If this program runs while no other programs access SimpleDB, it will work correctly; however, it is often desirable for software applications (particularly web applications) to access the same data concurrently. When the same data is accessed concurrently, a race condition arises, which would result in undetectable data loss.

Continuing the previous example, consider two processes, A and B, running the same program. Suppose SimpleDB services requests for data, as described in step 1, from both A and B. A and B see the same value. Let's say that the current value of the counter is 0. Because of steps 2 and 3, A will try to store 1. B will try to do the same; thus, the final counter value will be 1, even though the expected final counter value is 2, because the system attempted two increment operations, one by A, and another by B.

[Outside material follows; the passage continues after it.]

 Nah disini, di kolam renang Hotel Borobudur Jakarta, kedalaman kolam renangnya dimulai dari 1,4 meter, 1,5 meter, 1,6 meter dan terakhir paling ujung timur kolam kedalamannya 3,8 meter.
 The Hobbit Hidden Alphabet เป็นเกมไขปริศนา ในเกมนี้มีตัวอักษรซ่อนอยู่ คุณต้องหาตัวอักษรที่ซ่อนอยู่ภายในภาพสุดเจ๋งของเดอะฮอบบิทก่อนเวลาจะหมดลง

This problem can be solved by the use of conditional put. Suppose we change step 3 as follows: instead of unconditionally storing the new value, the program asks SimpleDB to store the new value only if the value that it currently holds is the same as the value that was retrieved in step 1. Then, we can be sure that the counter's value actually increases. This introduces some additional complexity; if SimpleDB is not able to store the new value because the current value was not as expected, the program must repeat steps 1–3 until the conditional put operation actually changes the stored value.

=== Consistent Read ===

Consistent read was a new feature that was released at the same time as conditional put and conditional delete. As the name suggests, consistent read addresses problems that arise due to SimpleDB's eventual consistency model (See the Limitations section). Consider the following sequence of operations:

1. Program A stores some data in SimpleDB.
2. Immediately after, A requests the data it just stored.

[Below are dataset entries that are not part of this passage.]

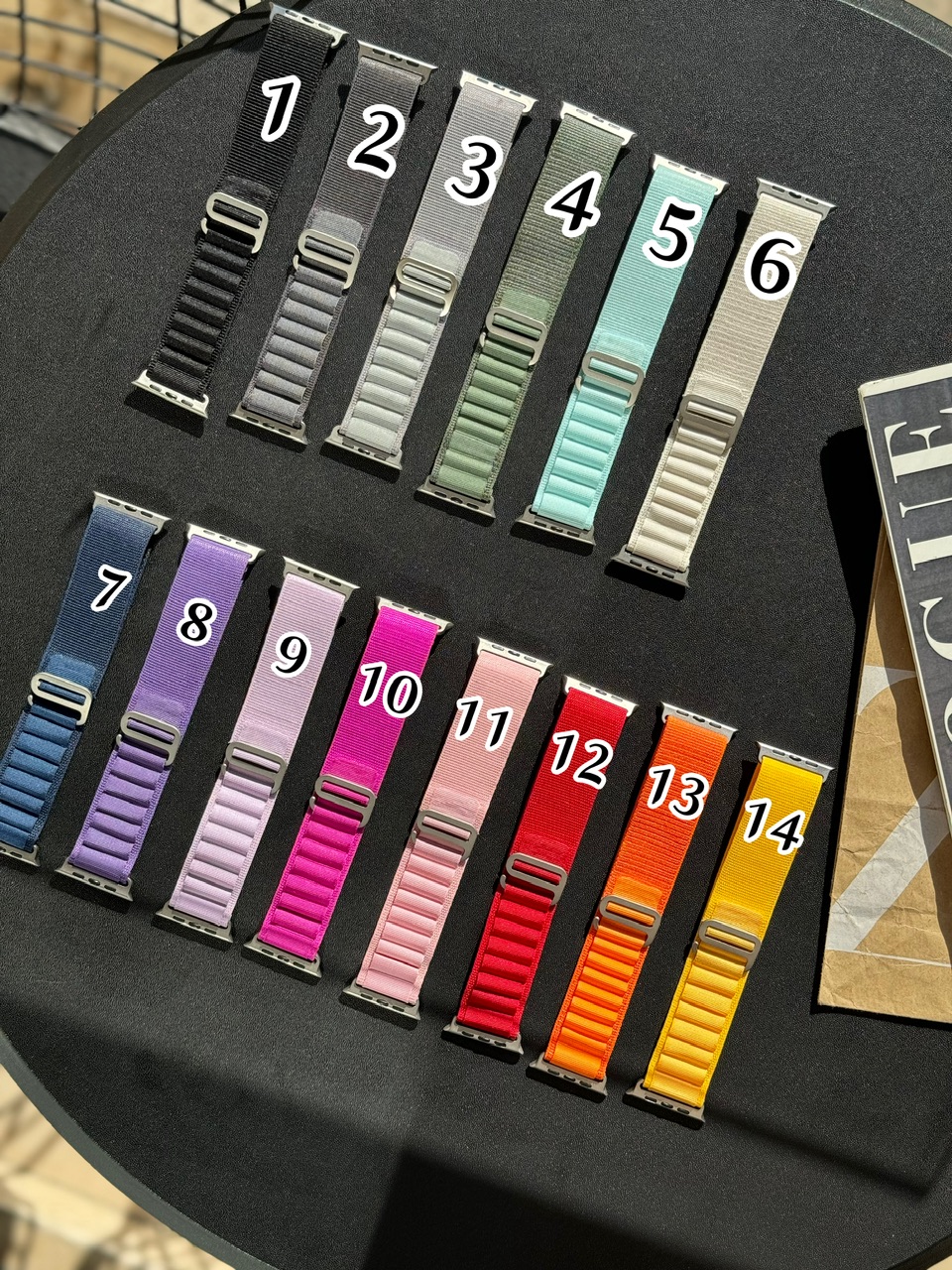 12-قرمز ,10-ارغوانی ,13-نارنجی ,11-صورتی ,1-مشکی ,9-یاسی ,8-بنفش ,7-سرمه ای ,6-شیری ,5-سبزآبی ,4-سبز ,3-طوسی روشن ,2-طوسی تیره ,14-زرد |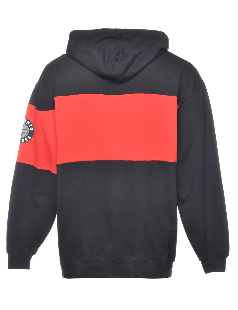 Nba hooded sports sweatshirt in black & red with a drawstring neck and contrasting panels.
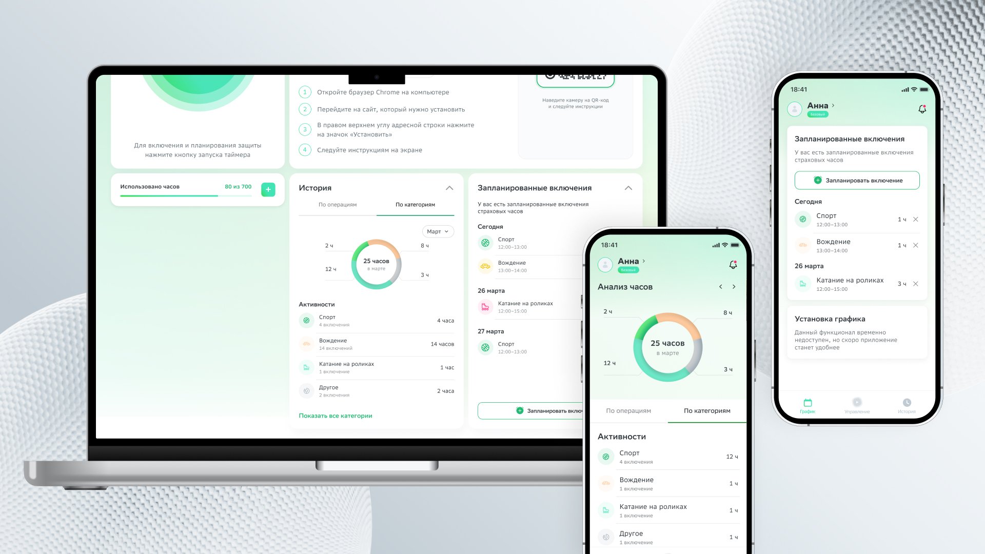 Получился удобный личный кабинет для управления продуктом«Страхование по часам» от СберСтрахования жизни. В личном кабинете можно настраивать продукт под себя: включать и выключать страховые часы, просматривать историю операций, планировать графики включения часов.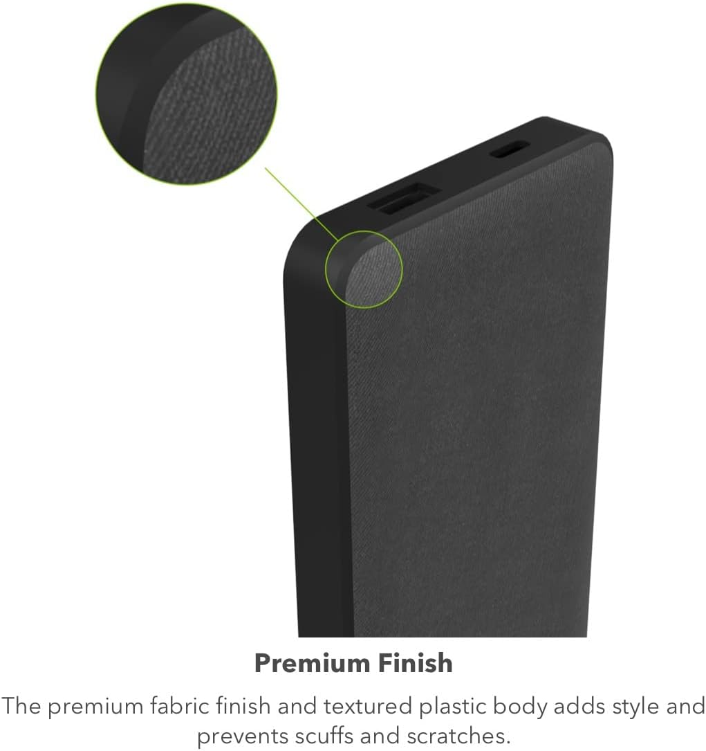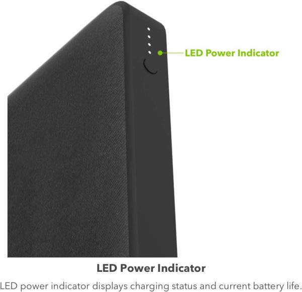 Fabric finish prevents scuffs and scratches. The power bank is your perfect travel companion. It fits easily in your bag so you can carry it to work or on adventures, eliminating the need for individual chargers.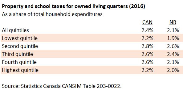 As shown below, New Brunswickers in all five income quintiles pay a lower share of their income to property taxes than Canadians as a whole. What people conflate is property tax ‘rates’ versus property taxes ‘paid’.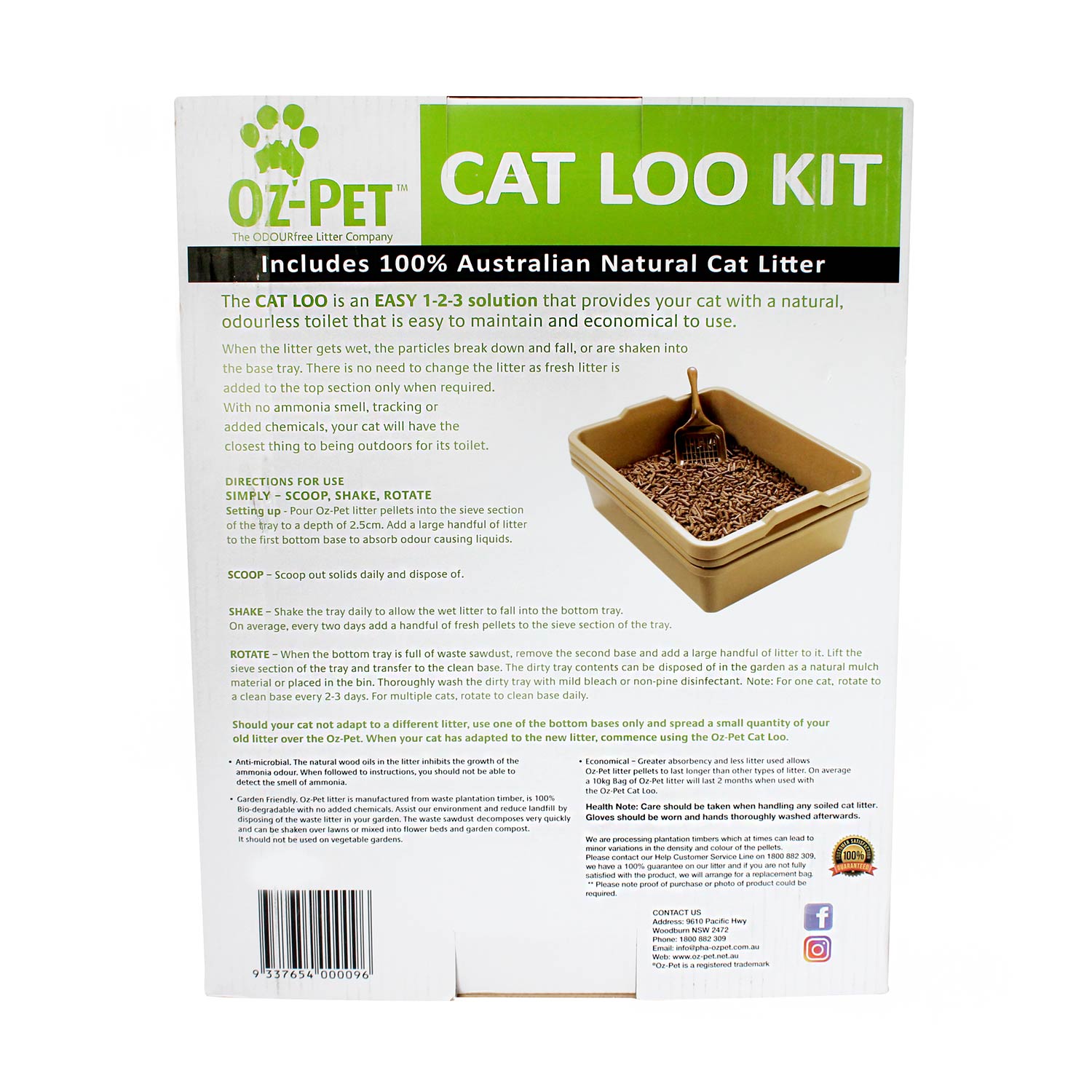 Should your cat not adapt to a different litter, use one of the bottom bases only and spread a small quantity of your old litter over the Oz-Pet. When your cat has adapted to the new litter, commence using the Oz-Pet Cat Loo.
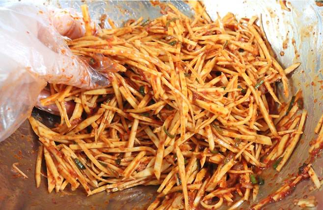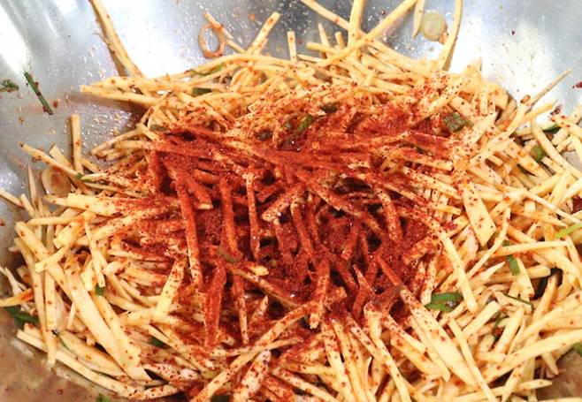 물에 담가 전분기를 빼고 채썬 고구마에 파, 간마늘, 설탕, 고춧가루를 넣고 가볍게 버무려 줍니다.

SimpleDB's eventual consistency guarantee does not allow us to say that the data retrieved in step 2 reflects the updates that were made in step 1. Eventual consistency only guarantees that step 2 reflects the complete set of updates in step 1, or none of those updates. A consistent read can be used to ensure that the data retrieved in step 2 reflects changes in step 1.

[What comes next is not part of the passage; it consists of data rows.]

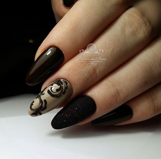 І ще трохи темних, але не похмурих фарб. Насичений сливовий колір і «оксамитові» візерунки утворюють вишуканий і елегантний дизайн нігтів, який варто спробувати цієї осені.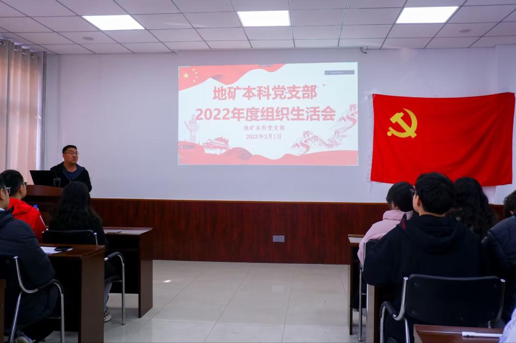 2023年3月1日,根据学院党委的安排,地矿本科党支部在致明楼208会议室召开2022年度组织生活会暨民主评议大会。会议由支部书记姚冬洁主持。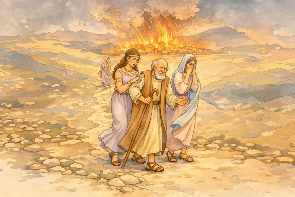 Ló ficou boquiaberto, e os anjos do Senhor tiveram de convencê-lo a deixar a cidade. Os seus rebanhos, os pastores brigões e tudo o que Ló conseguira em anos de duro trabalho ficaram para trás. Choveu fogo e enxofre e queimou tudo! Ele, sua mulher e as duas filhas saíram somente com a roupa do corpo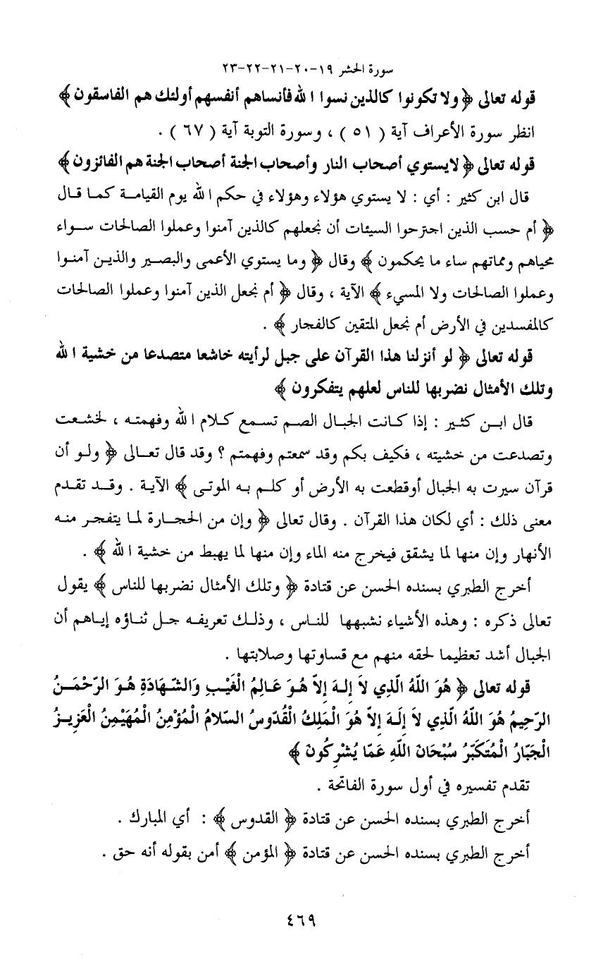 تقوله تعالى (هُوَ اللَّهُ الَّذِي لَا إِلَهَ إِلَّا هُوَ عَالِمُ الْغَيْبِ وَالشَّهَادَةِ هُوَ الرَّحْمَنُ الرَّحِيمُ (22) هُوَ اللَّهُ الَّذِي لَا إِلَهَ إِلَّا هُوَ الْمَلِكُ الْقُدُّوسُ السَّلَامُ الْمُؤْمِنُ الْمُهَيْمِنُ الْعَزِيزُ الْجَبَّارُ الْمُتَكَبِّرُ سُبْحَانَ اللَّهِ عَمَّا يُشْرِكُونَ)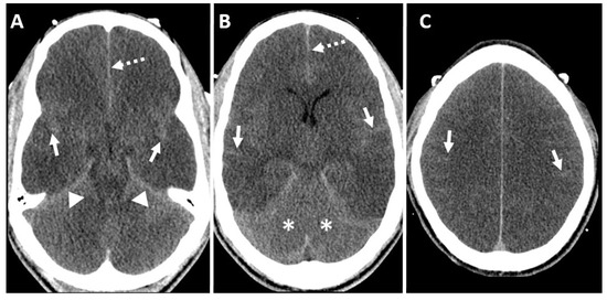 Unenhanced axial CT brain (A) at the level of the temporal lobe, (B) at the level of basal ganglia, and (C) at the level of centrum semiovale demonstrate diffuse cortical edema in supratentorial brain parenchyma with blurring of the gray-white matter interface with increased attenuations of the sulci (solid white arrows in (A–C)), interhemispheric falx cerebri (dashed white arrow in (A,B)) and bilateral tentorial cerebri (solid white arrow heads in (A)), resulting in a false appearance of subarachnoid hemorrhage also called “Psuedosubarchnoid hemorrhage”. There is a slight hyperdense appearance of the cerebellum (white stars in (B)) called “white cerebellum” or “cerebellar reversal sign”.

The reason that inconsistent results can arise when the consistent read operation is not used is that SimpleDB stores data in multiple locations (for availability), and the new data in step 1 might not be written at all locations when SimpleDB receives the data request in step 2. In that case, it is possible that the data request in step 2 is serviced at one of the locations where the new data has not been written.

Amazon discourages the use of consistent read, unless it is required for correctness. The reason for this recommendation is that the rate at which consistent read operations are serviced is lower than for regular reads.

== Relationship to DynamoDB ==

There has been some talk of SimpleDB being superseded by DynamoDB (it is no longer being "iterated on", though Amazon does not plan to remove it). DynamoDB appears to be its successor.